This commit adds support for the instructions VMOVDQU and VMOVDQA, used
to move values to/from 256 bit registers. Unfortunately, the
programmer's manual is very incomplete (if not wrong) about these
instructions, so the logic had to be reverse engineered from how gcc
actually encodes the instruction.

This commit also changes the memory regions from the test to store 256
bits, so its easier to test the instructions and that we're recording
ymm registers correctly.
---
 gdb/i386-tdep.c                               | 49 +++++++++++++++++++
 gdb/testsuite/gdb.reverse/i386-avx-reverse.c  | 42 ++++++++++++++--
 .../gdb.reverse/i386-avx-reverse.exp          | 28 +++++++++++
 3 files changed, 115 insertions(+), 4 deletions(-)

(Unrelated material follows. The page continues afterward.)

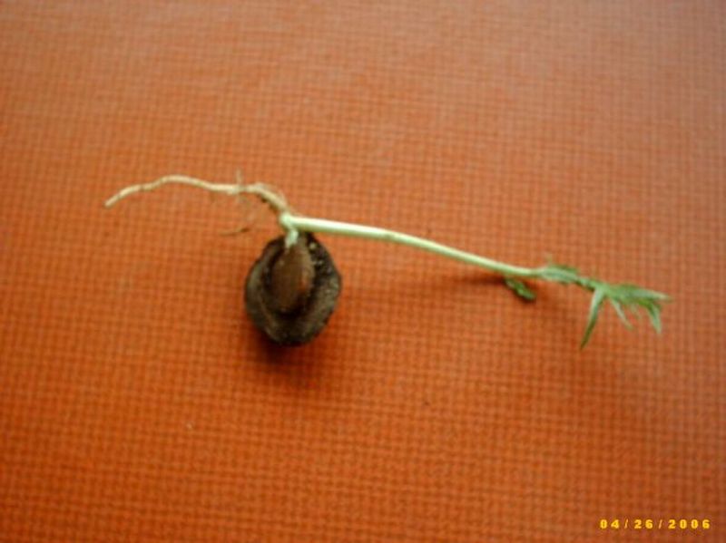 Heute brachte mein Mann einen halben Pfirsichkern aus dem Komposter, aus dem bereits ein junges Bäumchen wuchs.(Leider macht mein Billigfoto in der Nähe meistens unscharfe Bilder).LG Natura

diff --git a/gdb/i386-tdep.c b/gdb/i386-tdep.c
index e4e808cf4b0..6d3b98dc302 100644
--- a/gdb/i386-tdep.c
+++ b/gdb/i386-tdep.c
@@ -5071,6 +5071,55 @@ i386_record_vex (struct i386_record_s *ir, uint8_t vex_w, uint8_t vex_r,
 	}
       break;
 
+    case 0x6f: /* VMOVDQ (U|A)  */
+    case 0x7f: /* VMOVDQ (U|A)  */
+      /* vmovdq instructions have information about source/destination
+	 spread over many places, so this code ended up messier than
+	 I'd like.  */
+      /* The VEX.pp bits identify if the move is aligned or not, but this
+	 doesn't influence the recording so we can ignore it.  */
+      i386_record_modrm (ir);
+      /* The first bit of modrm identifies if both operands of the instruction
+	 are registers (bit = 1) or if one of the operands is memory.  */
+      if (ir->mod & 2)
+	{
+	  if (opcode == 0x6f)
+	    {
+	      /* vex_r will identify the high bit of the destination
+		 register.  Source is identified by ir->rex_b, but that
+		 doesn't matter for recording.  */
+	      record_full_arch_list_add_reg (ir->regcache,
+					     tdep->ymm0_regnum + 8*vex_r + ir->reg);
+	    }
+	  else
+	    {
+	      /* The origin operand is >7 and destination operand is <= 7.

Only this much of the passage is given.